Data Lake

The term “data lake” was coined by James Dixon, then Chief Technology Officer of Pentaho, in a blog post dated October 14, 2010, written alongside a Pentaho Hadoop release announcement. Dixon offered an analogy that has stuck: “If you think of a datamart as a store of bottled water - cleansed and packaged and structured for easy consumption - the data lake is a large body of water in a more natural state.”

The point of the analogy is that a data mart, or a traditional data warehouse, packages data into a fixed structure decided in advance, suited to predetermined questions. A data lake instead keeps data in its raw, natural form so that many different users can later explore it, sample it, or structure it for questions that were not anticipated when the data was collected.

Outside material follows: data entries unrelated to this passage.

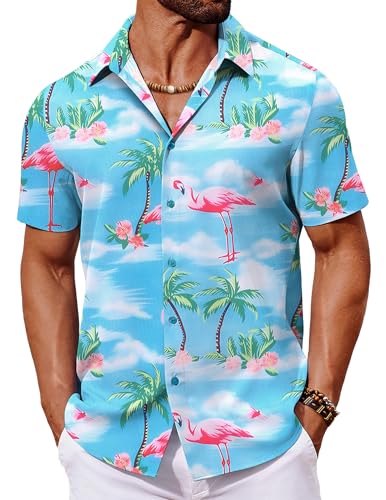 COOFANDY Mens Hawaiian Shirt Short Sleeve Summer Shirts Holiday Funky Hawaii Shirts for Men Flamingo Shirt for Party Flamingo Blue S
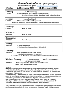 08:00 Uhr | Pfarrkirche Spital am Pyhrn, Spital am Pyhrn (4. Adventsonntag)
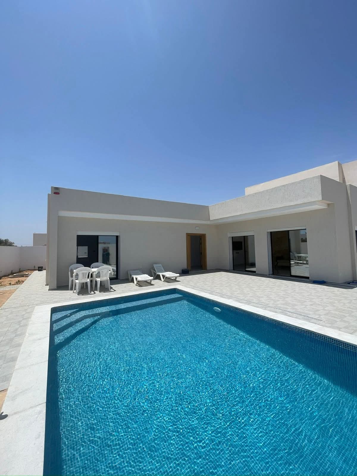 .Ce logement paisible offre un séjour détente pour toute la famille. villa de haut standing vue mer avec piscine priveé ❤️ 📍 en face hôtel Radisson Bleu Djerba se compose de: ✅ Piscine privée . ✅ 1 Suites parentale et 2 chambres à coucher , les chambres sont climatisé ✅ 3 salles de bain 🛁 ✅ un grand jardin , barbecue et un garage privé ✅ une cuisine moderne aménagée par des espaces de rangement et bien équipée . ✅ 1 salon et salle à manger ✅ Accès internet gratuit
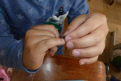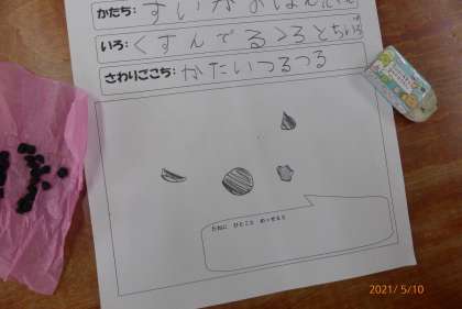 「それじゃあ,植える前に種としっかりお話をしようか。」と種の観察をしました。
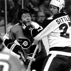 Darryl Sittler holds up future teammate Bobby Clarke
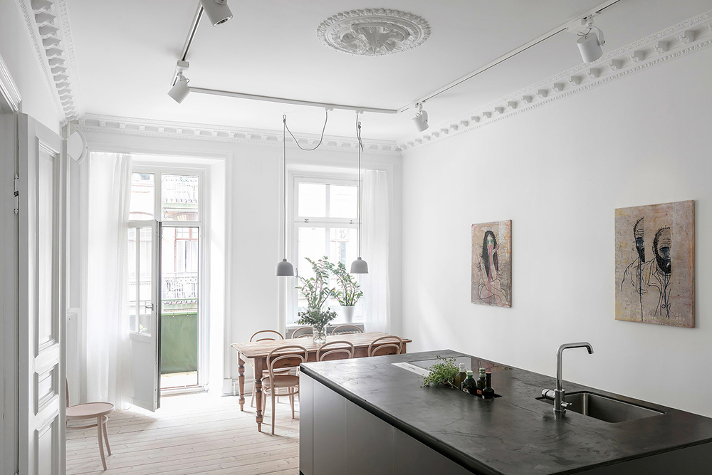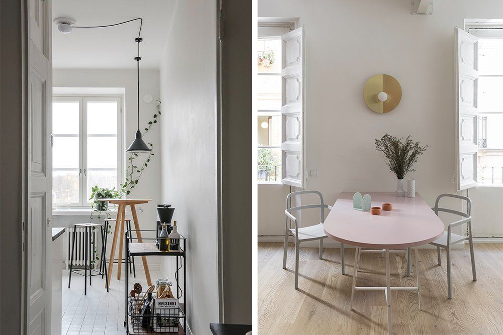Дощатый пол во всей квартире заменили натуральным паркетом, стены просто покрасили в белый и нежный персиковый оттенки. Вместо старых деревянных окон установили современные энергосберегающие стеклопакеты. Базовая мебель довольно бюджетная, практически вся она была приобретена в Икеа. Впоследствии супруги поработали над её внешним видом и украсили шёлковой контрастной обивкой в этно-стиле.
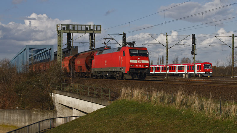 152 155-8 führte einen Wettrennen mit der S-Bahn nach Neugraben. Hamburg Süderelbbrücken, 29. März 2008 |
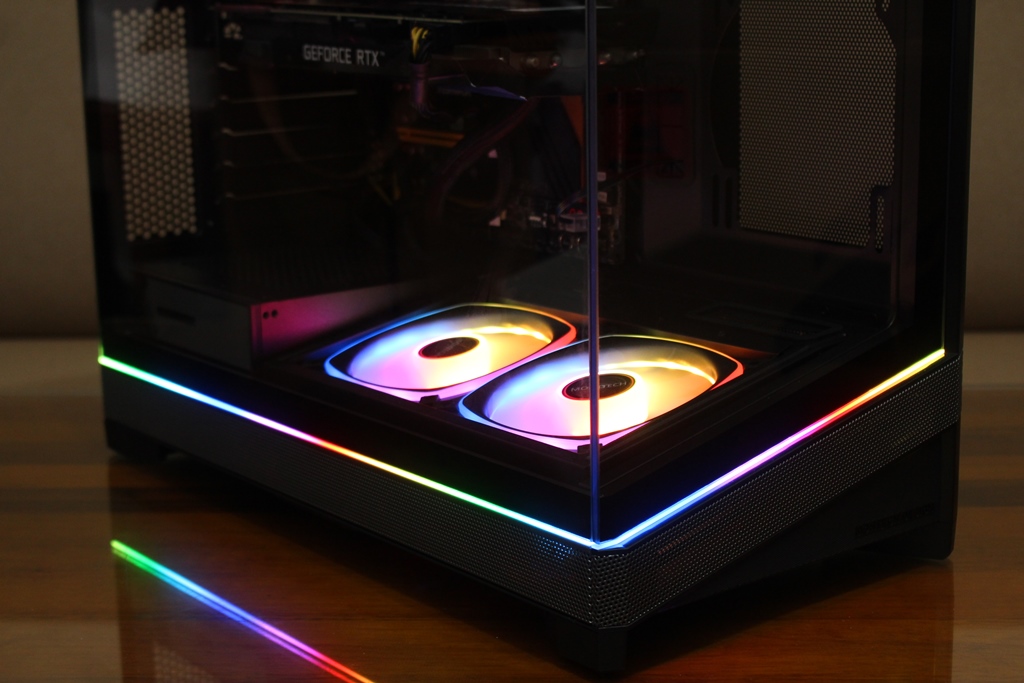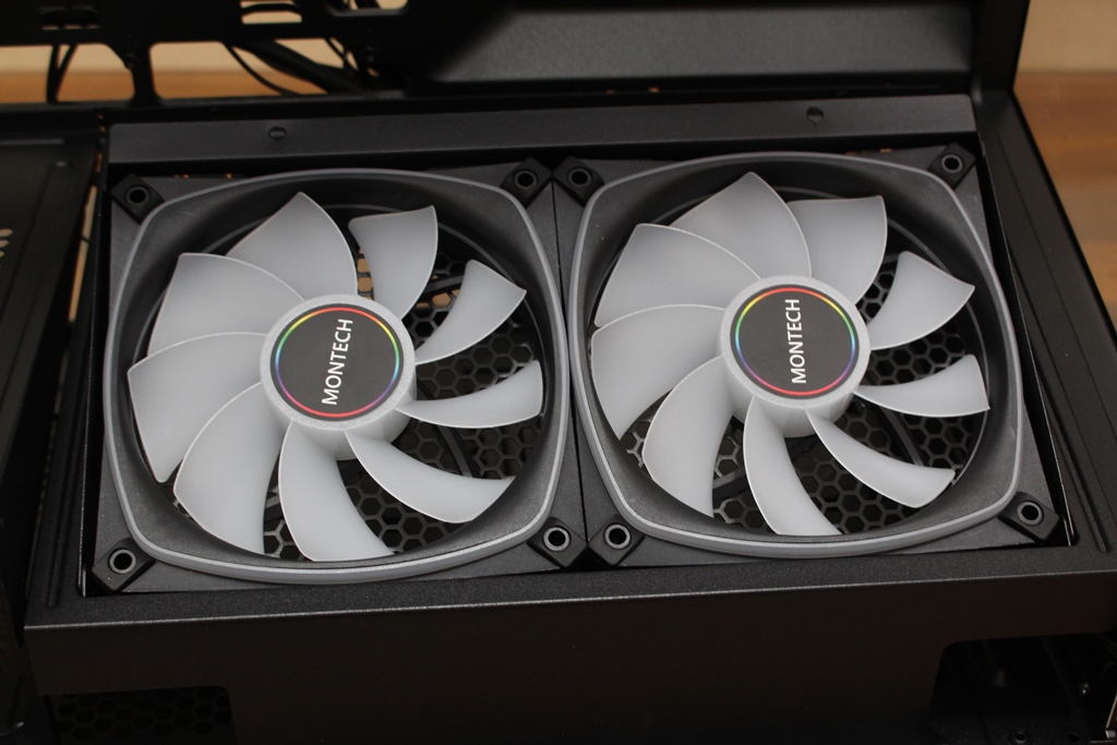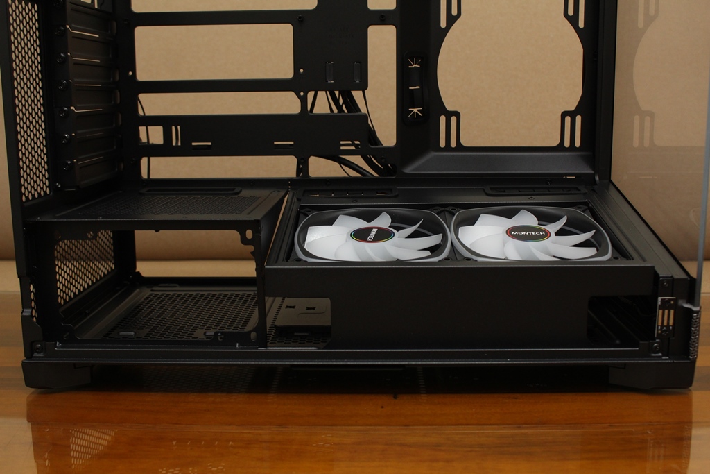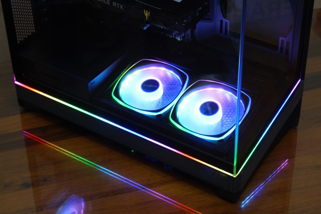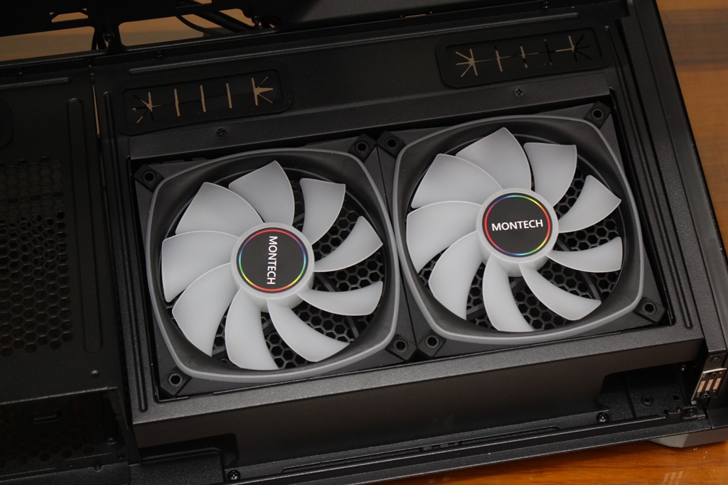 ▼底部可安裝兩顆120mm風扇,已內建兩顆RX120 PRO ARGB風扇,風扇支架是13度非平面設計

This is the difference between schema on write and schema on read. A warehouse imposes a schema when data is loaded; a data lake defers that step, letting structure be applied at query time according to each user’s needs. In practice this meant raw data could be dumped cheaply onto distributed file systems such as HDFS and later cloud object stores, then processed by engines like Hadoop and Apache Spark.

The trade-off is that flexibility on intake shifts the work of cleaning and structuring to the moment of use, which is why data lakes are typically paired with strong cataloging and processing pipelines to avoid becoming unusable “data swamps.”